## TRY IT
Transcribe, verbatim, every line from the start of the entries through the line that contains "Enjoy extended usage"; include both boundary lines and omit all others.

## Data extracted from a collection
━━━━━━━━━━━━━━━━━━━━

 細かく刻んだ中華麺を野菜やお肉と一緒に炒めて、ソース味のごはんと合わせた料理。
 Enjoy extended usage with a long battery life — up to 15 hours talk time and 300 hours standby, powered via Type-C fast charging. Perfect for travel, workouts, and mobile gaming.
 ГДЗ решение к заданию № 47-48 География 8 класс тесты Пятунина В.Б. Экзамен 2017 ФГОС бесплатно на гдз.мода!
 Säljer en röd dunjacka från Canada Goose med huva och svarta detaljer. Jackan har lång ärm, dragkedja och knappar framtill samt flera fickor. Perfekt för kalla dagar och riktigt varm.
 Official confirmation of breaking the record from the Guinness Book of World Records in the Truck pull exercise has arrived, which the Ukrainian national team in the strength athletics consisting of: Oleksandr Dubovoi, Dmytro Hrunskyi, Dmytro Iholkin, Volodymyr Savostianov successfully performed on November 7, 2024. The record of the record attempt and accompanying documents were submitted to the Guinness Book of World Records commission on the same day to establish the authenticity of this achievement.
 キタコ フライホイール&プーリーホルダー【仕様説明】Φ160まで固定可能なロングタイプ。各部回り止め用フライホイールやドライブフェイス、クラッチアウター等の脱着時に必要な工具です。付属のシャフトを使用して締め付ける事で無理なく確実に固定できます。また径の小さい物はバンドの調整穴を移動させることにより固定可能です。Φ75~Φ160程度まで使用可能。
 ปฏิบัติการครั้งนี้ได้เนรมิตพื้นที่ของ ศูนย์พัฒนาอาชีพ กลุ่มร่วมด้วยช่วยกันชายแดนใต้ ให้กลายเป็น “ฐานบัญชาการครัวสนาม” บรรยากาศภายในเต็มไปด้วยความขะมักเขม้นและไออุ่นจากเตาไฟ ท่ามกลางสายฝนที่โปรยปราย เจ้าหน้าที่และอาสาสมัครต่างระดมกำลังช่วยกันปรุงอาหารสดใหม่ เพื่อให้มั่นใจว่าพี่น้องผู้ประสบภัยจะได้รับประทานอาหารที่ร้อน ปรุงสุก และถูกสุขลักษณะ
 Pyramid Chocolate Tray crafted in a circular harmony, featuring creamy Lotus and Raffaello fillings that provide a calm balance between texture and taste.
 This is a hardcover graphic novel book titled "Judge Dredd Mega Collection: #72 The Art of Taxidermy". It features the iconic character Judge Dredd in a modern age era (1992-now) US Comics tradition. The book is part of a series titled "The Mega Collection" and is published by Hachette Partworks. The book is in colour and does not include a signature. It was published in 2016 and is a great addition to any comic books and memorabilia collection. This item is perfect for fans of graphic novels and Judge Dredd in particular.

━━━━━━━━━━━━━━━━━━━━

## SOLUTION TO THE PROBLEM
 細かく刻んだ中華麺を野菜やお肉と一緒に炒めて、ソース味のごはんと合わせた料理。
 Enjoy extended usage with a long battery life — up to 15 hours talk time and 300 hours standby, powered via Type-C fast charging. Perfect for travel, workouts, and mobile gaming.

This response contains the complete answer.